**DATA IN THIS EXERCISE**
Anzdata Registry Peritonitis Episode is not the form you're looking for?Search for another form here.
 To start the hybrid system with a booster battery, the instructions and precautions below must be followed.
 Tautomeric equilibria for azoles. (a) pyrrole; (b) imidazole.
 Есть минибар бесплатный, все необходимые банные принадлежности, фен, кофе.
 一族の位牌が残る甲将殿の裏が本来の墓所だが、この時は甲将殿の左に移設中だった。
==
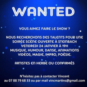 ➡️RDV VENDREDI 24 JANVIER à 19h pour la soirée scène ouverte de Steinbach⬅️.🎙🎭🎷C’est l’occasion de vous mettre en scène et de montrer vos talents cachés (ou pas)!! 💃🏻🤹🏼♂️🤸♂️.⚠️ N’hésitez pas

**YOUR GOAL**
In the listing above, find the line with "Есть минибар бесплатный, все" and the line with "一族の位牌が残る甲将殿の裏が本来の墓所だが、この時は甲将殿の左に移設中だった。", then print exactly those lines and every line between them.

**TASK RESULT**
 Есть минибар бесплатный, все необходимые банные принадлежности, фен, кофе.
 一族の位牌が残る甲将殿の裏が本来の墓所だが、この時は甲将殿の左に移設中だった。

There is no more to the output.